_EXERCISE BRIEF_
Only the lines below starting at the one that contains "No texto da" and ending at the one that contains "男性向けラノベタイトル風あだ名 | 『メガロの憂鬱』 |" are to be reproduced, exactly and with both ends kept.

_MATERIAL PROVIDED_

□ □ □ □ □ □ □

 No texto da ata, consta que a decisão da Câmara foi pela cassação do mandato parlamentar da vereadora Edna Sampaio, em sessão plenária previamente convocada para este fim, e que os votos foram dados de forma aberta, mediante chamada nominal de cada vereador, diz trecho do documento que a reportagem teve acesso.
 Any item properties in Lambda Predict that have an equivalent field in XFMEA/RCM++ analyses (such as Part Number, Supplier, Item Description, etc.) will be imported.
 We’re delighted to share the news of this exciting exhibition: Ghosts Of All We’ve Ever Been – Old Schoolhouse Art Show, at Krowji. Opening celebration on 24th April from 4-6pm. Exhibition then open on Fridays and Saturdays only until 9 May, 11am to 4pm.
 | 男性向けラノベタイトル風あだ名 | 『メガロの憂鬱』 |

□ □ □ □ □ □ □

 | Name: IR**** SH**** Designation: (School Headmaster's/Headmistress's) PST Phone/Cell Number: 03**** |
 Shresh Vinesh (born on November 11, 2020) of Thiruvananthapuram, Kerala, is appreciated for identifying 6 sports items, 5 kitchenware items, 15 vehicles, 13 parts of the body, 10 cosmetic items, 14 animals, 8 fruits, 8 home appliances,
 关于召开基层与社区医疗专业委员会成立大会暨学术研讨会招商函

□ □ □ □ □ □ □

_EXERCISE RESPONSE_
 No texto da ata, consta que a decisão da Câmara foi pela cassação do mandato parlamentar da vereadora Edna Sampaio, em sessão plenária previamente convocada para este fim, e que os votos foram dados de forma aberta, mediante chamada nominal de cada vereador, diz trecho do documento que a reportagem teve acesso.
 Any item properties in Lambda Predict that have an equivalent field in XFMEA/RCM++ analyses (such as Part Number, Supplier, Item Description, etc.) will be imported.
 We’re delighted to share the news of this exciting exhibition: Ghosts Of All We’ve Ever Been – Old Schoolhouse Art Show, at Krowji. Opening celebration on 24th April from 4-6pm. Exhibition then open on Fridays and Saturdays only until 9 May, 11am to 4pm.
 | 男性向けラノベタイトル風あだ名 | 『メガロの憂鬱』 |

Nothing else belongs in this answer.